Two IBD samples had relatively long (62kbp) duplication spanned over 30 RNA genes: PWAR4 and 29 SNORD115 genes encoding the small nucleolar RNA in 15q11.2 region (C/D Box 115 Cluster). This CNV was partially overlapped by 31kbp long duplication covered 17 genes from the same cluster and by short (6kbp) duplication covered only the SNORD115-6, SNORD115-7 and SNORD115-8 in two other IBD samples. Due to the absence of corresponding duplications in control samples the SNORD115-6, SNORD115-7 and SNORD115-8 genes were significantly associated with IBD (Padj = 6.0×10−3). It has been reported that the C/D box snoRNA can affect the alternative spicing. In particular, the neuron-specific SNORD115 alternates the exon selection of the serotonin receptor 2C pre-mRNA.[43]
Four IBD samples carried duplications intersecting the UBALD1 gene in the 16p13.3 locus. Two of these samples had longer CNVs spanned also over C16orf96 gene. The UBALD1 gene was not overlapped by any CNV in control samples and passed the significance threshold with Padj = 6.0×10−3. The functions of the UBALD1 gene is yet unknown, however, it was associated with IL-8 secretion and NF-kappa-B signalling.[44]
Short (6.6–7.6kbp) duplications in the 17q25.3 cytoband partially overlapped the SLC25A10 in four samples from the IBD population. No corresponding duplications were observed in control samples (Padj = 6.0×10−3). The SLC25A10 gene is functionally involved in the metabolism as transmembrane transporter.
Finally, 12-13kbp long duplications in the 19p13.3 cytoband were found in four IBD samples with no corresponding CNVs in control population (Padj = 6.0×10−3). The duplication spanned over the PSPN and GTF2F1 genes; longer CNVs in two samples covered also the ALKBH7 gene, which was not associated with IBD (Padj = 0.27). The PSPN gene is functionally linked to the MAPK activity, while GTF2F1 is related to DNA and RNA binding.

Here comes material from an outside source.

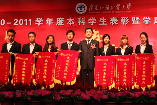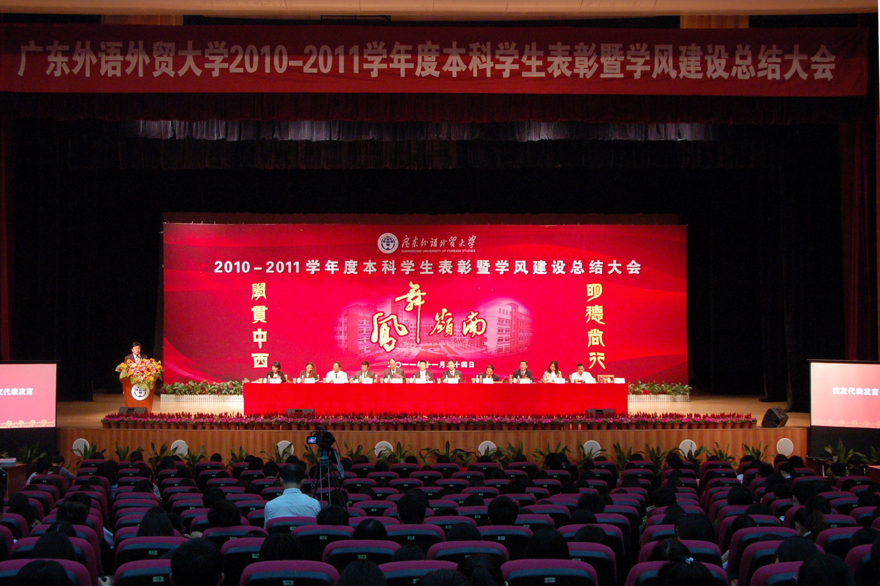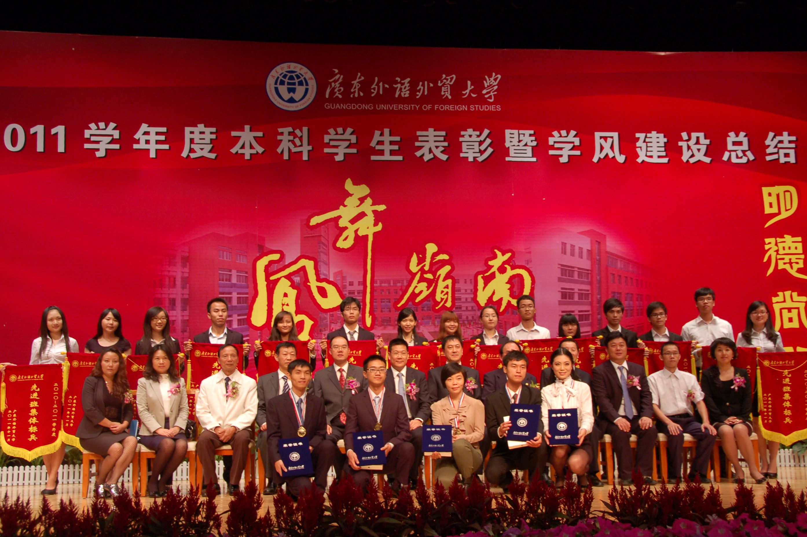 一段广外宣传视频回顾了一年以来我校学风校风建设工作的丰硕成果,展现了获奖班级的风采和个人的良好风貌;一首配乐诗朗诵《广外,梦开始的地方》道不尽广外情怀,在庄严的奏唱国歌仪式过后,表彰大会正式开始。

Association analysis of rare CNVs and IBD clinical characteristics
Overall, the above-mentioned genes were covered by CNVs in 40 (17 CD and 23 UC) out of the 243 IBD samples. Of these, 10 CD and 19 UC samples had only one of the described regions, and five CD and four UC samples contained up to six different CNVs significantly associated with IBD in the current study (S3 Table). We assessed the association of clinical characteristics of the IBD patients with these rare CNVs, and did not find any significant difference in the rare CNV distribution between groups of CD and UC patients, as well as groups of IBD patients with different ages at onset, CD and UC phenotypes including CD and UC process location and CD behavior, and IBD psychiatric comorbidity (S4 Table).
Non-genic CNVs
Overall, 2,418 (1,279 in CD and 1,139 in UC samples) CNVs detected in IBD samples did not overlap any gene. The overall numbers of no genic CNVs, particularly very short no-genic CNVs and very short no genic deletions observed in CD cases were significantly larger than these numbers in UC cases (p-values = 0.014, 0.025 and 0.047 correspondingly).

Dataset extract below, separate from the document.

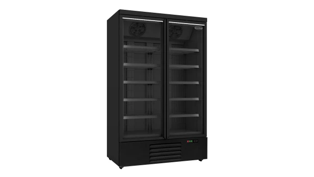 Combisteel JDE 1000F glasdeur koelkast zwarte binnenkant en zwarte buitenkant, met wielen en LED verlichting.

Gene set overrepresentation analysis
In general, genes overlapped by rare IBD-associated CNVs were included in 1,016 gene sets from four annotation gene set libraries (S1 Fig, S1 Table). Large group of these gene sets are functionally related to such processes as regulation of transcription, RNA and DNA binding and DNA repair (denoted as “DNA and RNA processes”), and also to the regulation of gene expression, including epigenetic regulation by histone modifications. 79 gene sets are directly related to the regulation of acute and chronic immune-inflammatory response, including numerous relevant signalling pathways, cell migration and cytotoxicity. Other large groups of gene sets are related to such processes as tissue development and morphogenesis, axon guidance and signal transduction pathways.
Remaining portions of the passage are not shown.